[Entries taken from a collection]

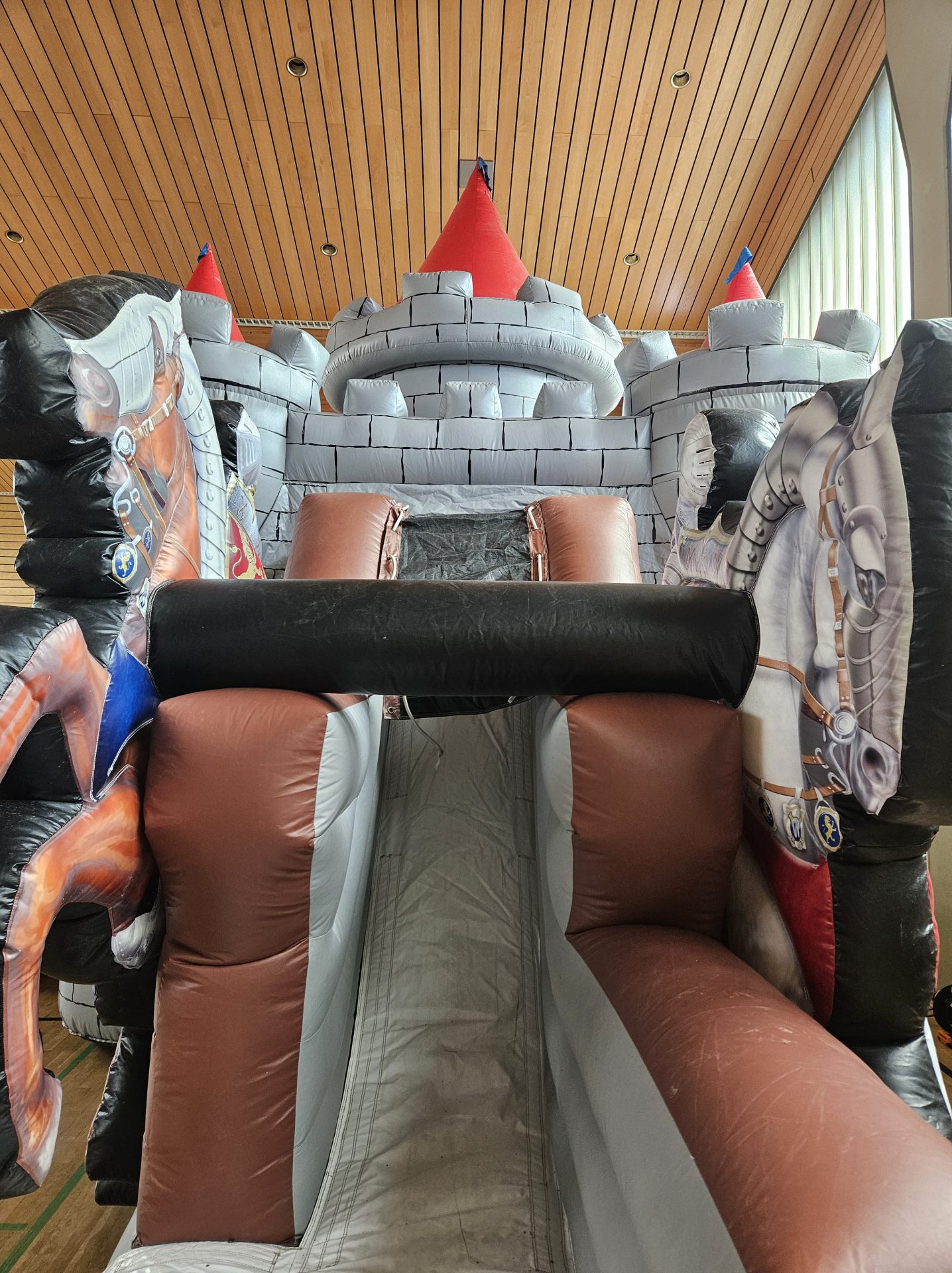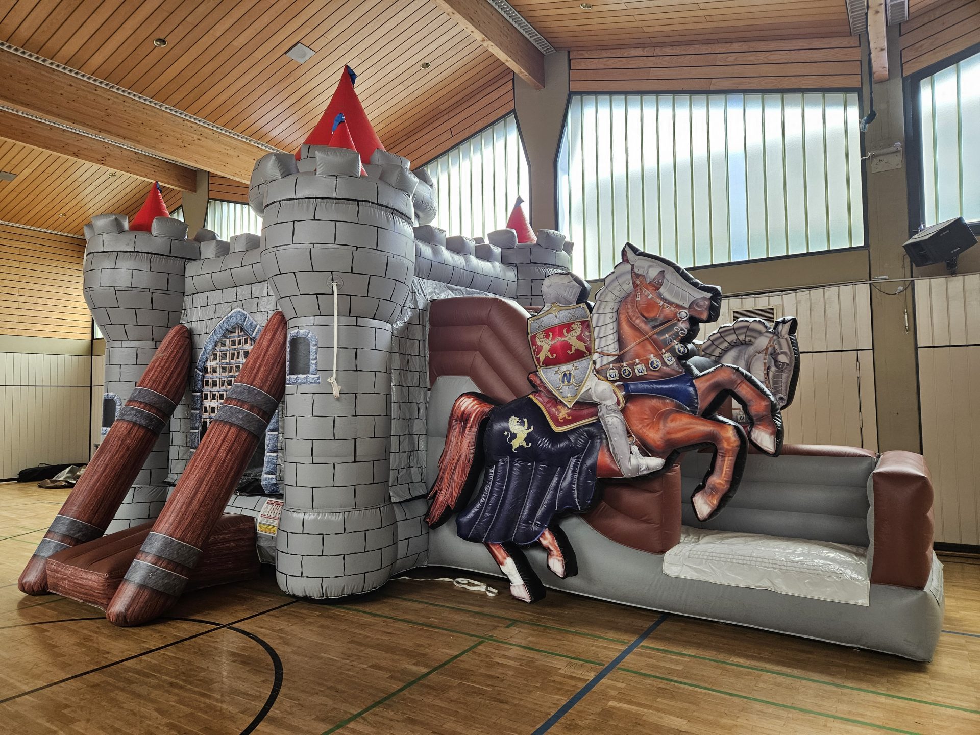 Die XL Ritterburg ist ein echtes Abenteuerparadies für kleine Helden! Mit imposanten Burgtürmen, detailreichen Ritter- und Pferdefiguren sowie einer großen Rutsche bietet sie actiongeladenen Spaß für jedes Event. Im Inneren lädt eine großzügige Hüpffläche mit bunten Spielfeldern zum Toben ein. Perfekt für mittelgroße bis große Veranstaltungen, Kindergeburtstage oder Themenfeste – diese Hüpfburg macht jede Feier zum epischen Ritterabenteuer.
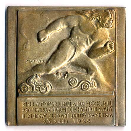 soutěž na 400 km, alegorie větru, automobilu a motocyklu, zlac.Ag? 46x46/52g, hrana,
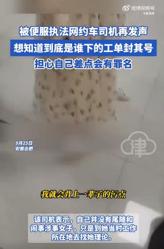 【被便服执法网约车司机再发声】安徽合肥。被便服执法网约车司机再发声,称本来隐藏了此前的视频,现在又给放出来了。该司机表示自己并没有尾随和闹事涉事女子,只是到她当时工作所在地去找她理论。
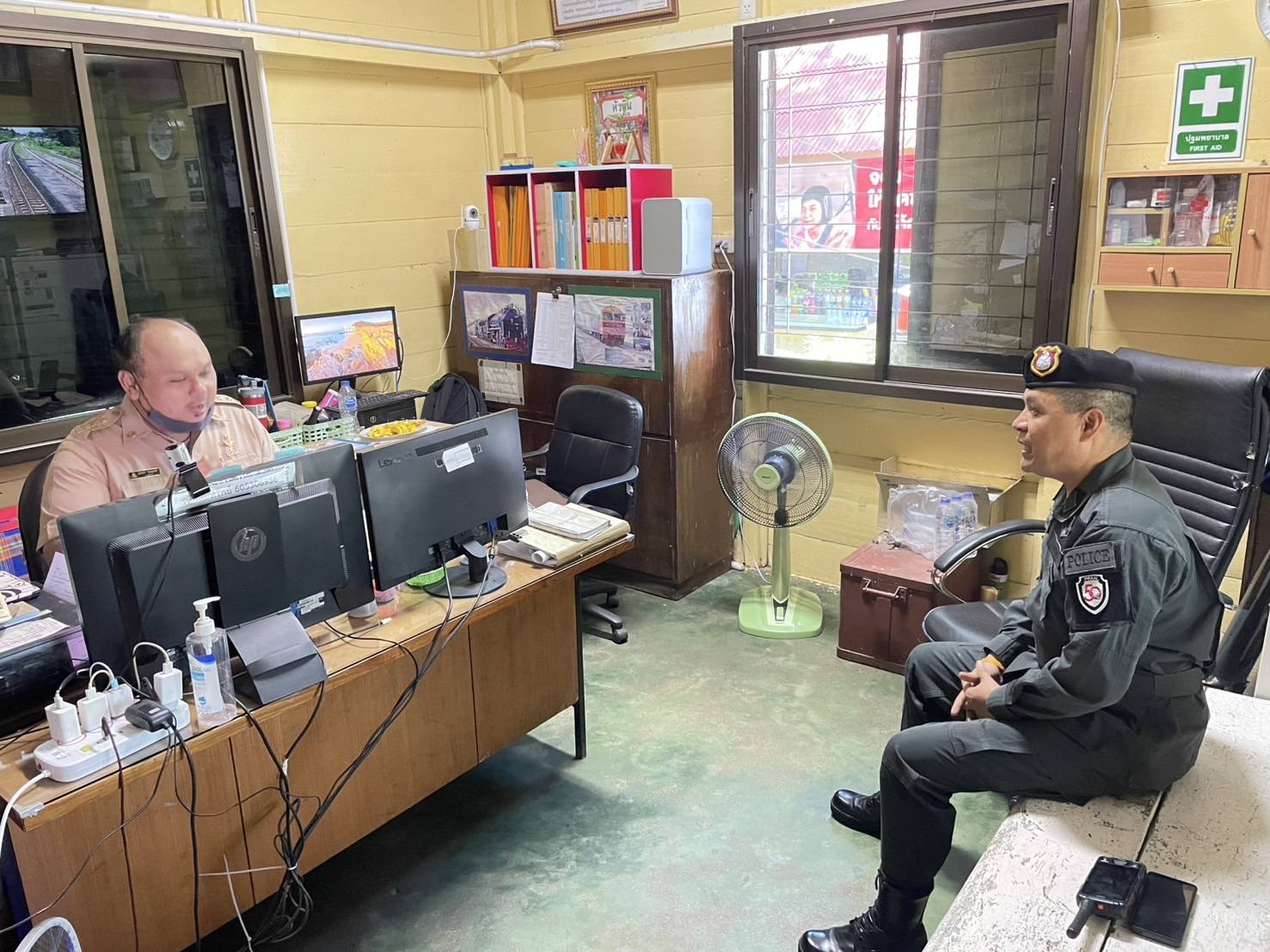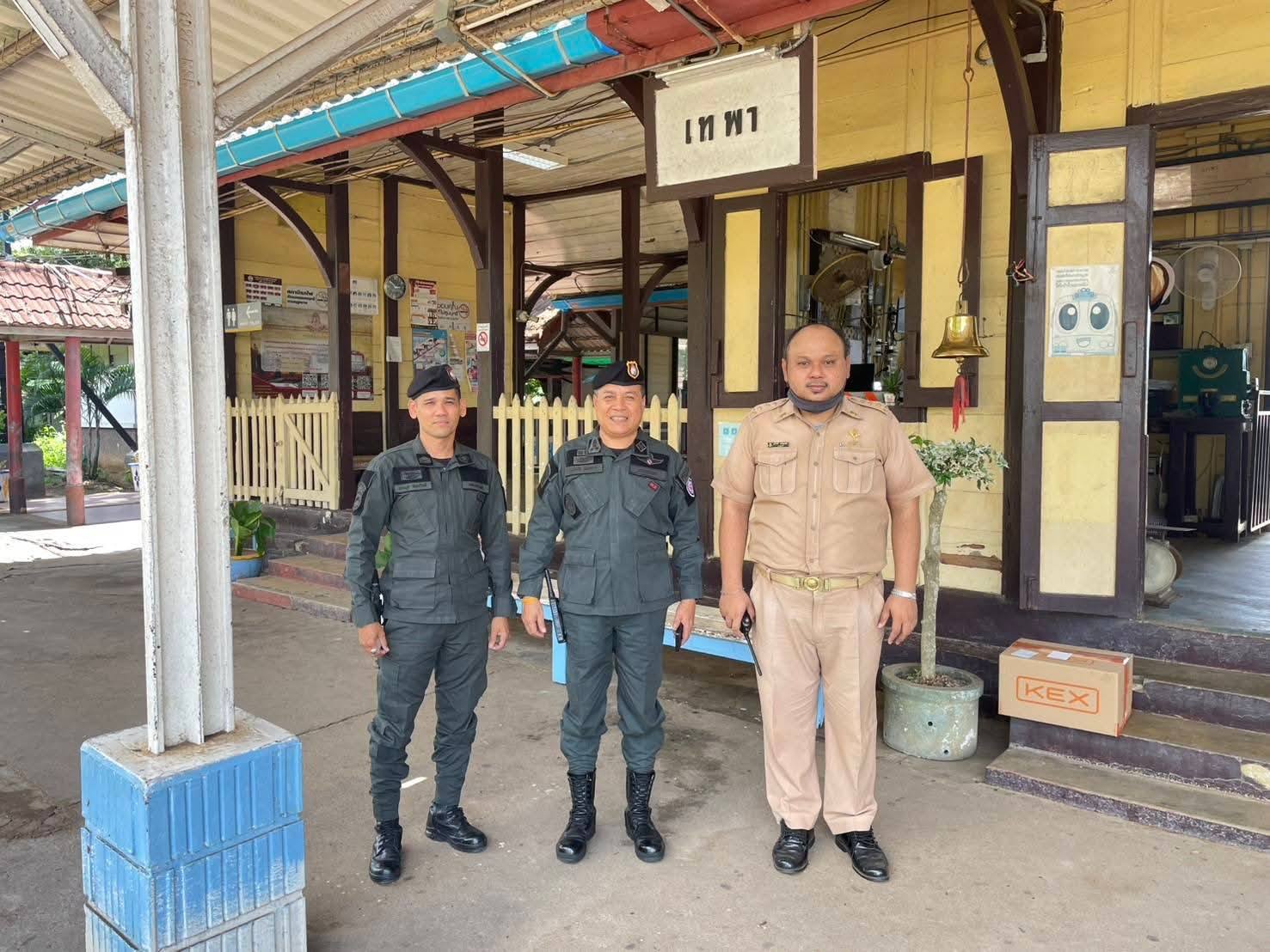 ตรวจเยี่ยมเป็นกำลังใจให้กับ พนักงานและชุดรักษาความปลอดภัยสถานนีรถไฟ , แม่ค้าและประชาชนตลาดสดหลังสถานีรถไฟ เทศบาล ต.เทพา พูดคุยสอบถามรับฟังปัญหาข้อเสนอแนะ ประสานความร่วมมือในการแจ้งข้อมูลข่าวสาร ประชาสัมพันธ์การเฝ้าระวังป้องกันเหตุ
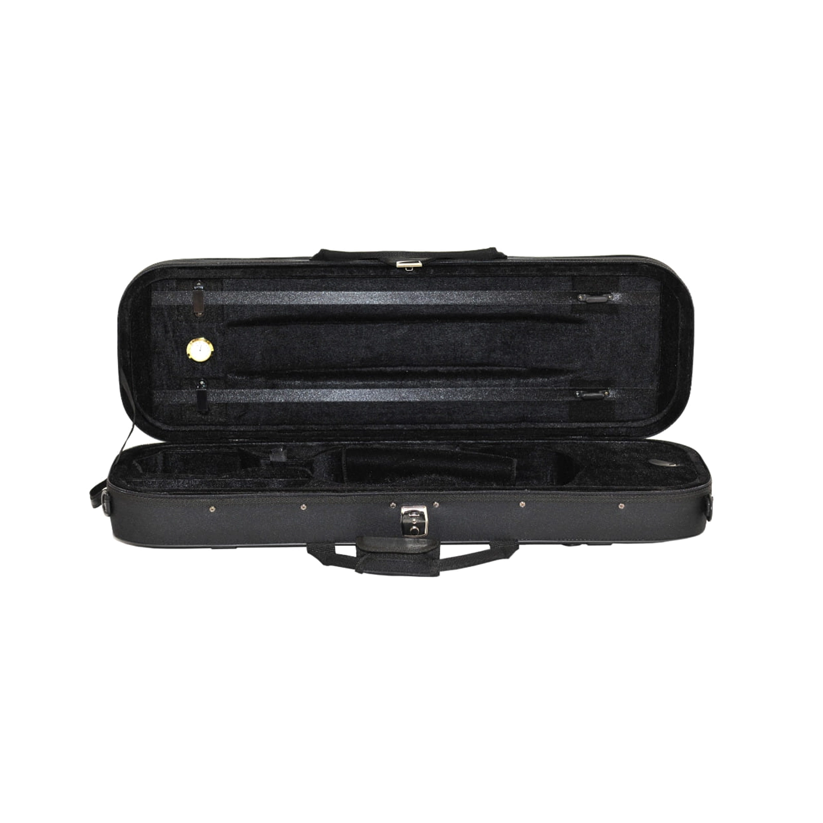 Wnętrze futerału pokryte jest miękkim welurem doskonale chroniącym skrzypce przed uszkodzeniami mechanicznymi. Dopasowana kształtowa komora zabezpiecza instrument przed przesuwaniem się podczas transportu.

**Task requirements:**
All of the data must be given again exactly, without the pictures.

**Task output:**
 Die XL Ritterburg ist ein echtes Abenteuerparadies für kleine Helden! Mit imposanten Burgtürmen, detailreichen Ritter- und Pferdefiguren sowie einer großen Rutsche bietet sie actiongeladenen Spaß für jedes Event. Im Inneren lädt eine großzügige Hüpffläche mit bunten Spielfeldern zum Toben ein. Perfekt für mittelgroße bis große Veranstaltungen, Kindergeburtstage oder Themenfeste – diese Hüpfburg macht jede Feier zum epischen Ritterabenteuer.
 soutěž na 400 km, alegorie větru, automobilu a motocyklu, zlac.Ag? 46x46/52g, hrana,
 【被便服执法网约车司机再发声】安徽合肥。被便服执法网约车司机再发声,称本来隐藏了此前的视频,现在又给放出来了。该司机表示自己并没有尾随和闹事涉事女子,只是到她当时工作所在地去找她理论。
 ตรวจเยี่ยมเป็นกำลังใจให้กับ พนักงานและชุดรักษาความปลอดภัยสถานนีรถไฟ , แม่ค้าและประชาชนตลาดสดหลังสถานีรถไฟ เทศบาล ต.เทพา พูดคุยสอบถามรับฟังปัญหาข้อเสนอแนะ ประสานความร่วมมือในการแจ้งข้อมูลข่าวสาร ประชาสัมพันธ์การเฝ้าระวังป้องกันเหตุ
 Wnętrze futerału pokryte jest miękkim welurem doskonale chroniącym skrzypce przed uszkodzeniami mechanicznymi. Dopasowana kształtowa komora zabezpiecza instrument przed przesuwaniem się podczas transportu.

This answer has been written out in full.